Hi everbody I am new to text processing, so any help is appreciated. I am trying to sentence tokenize based on period AND semi colons. How can I do this using nltk.sent_tokenize
?
For example if we have this sentence and we sentence tokenize it:
sentence = "The court ruled out the judgement; First round proceedings; The court declared unjustfied. Case proceedings were carried out in the morning. Objections were raised;"

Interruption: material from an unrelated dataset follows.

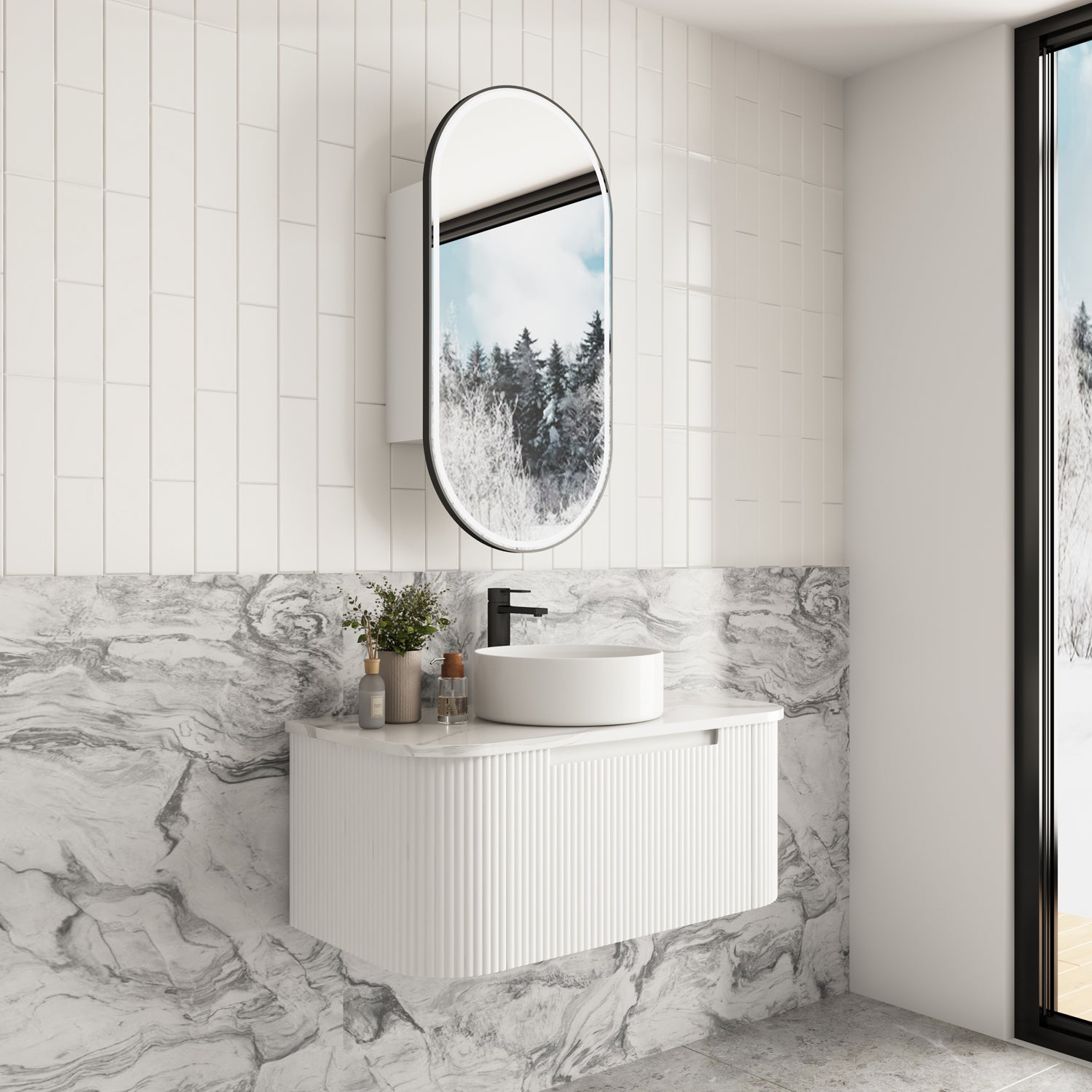 Savio 900mm Matte White Wall Hung Vanity - Curve Fluted

sentences = nltk.sent_tokenize(sentence)
sentences
should be:
[
"The court ruled out the judgement;",
"First round proceedings;",
"The court declared unjustfied.",
"Case proceedings were carried out in the morning.",
"Objections were raised;"
]
This has been addressed in a previous post here. You can do so by updating sent_end_chars
in the default tokenizer in nltk (PunktTokenizer
) using PunktLangVars
as below:
from nltk.tokenize.punkt import PunktSentenceTokenizer, PunktLanguageVars
# Create new lang vars with semicolon
class MyLangVars(PunktLanguageVars):
sent_end_chars = {'.', '?', '!', ';'}
# Create tokenizer with new language variables
tokenizer = PunktSentenceTokenizer(lang_vars = MyLangVars())
# Tokenize text
sentence = "The court ruled out the judgement; First round proceedings; The court declared unjustfied. Case proceedings were carried out in the morning. Objections were raised;"
sentences = tokenizer.tokenize(sentence)
print(sentences)
This has output:
[
'The court ruled out the judgement;',
'First round proceedings;',
'The court declared unjustfied.',
'Case proceedings were carried out in the morning.',
'Objections were raised;'
]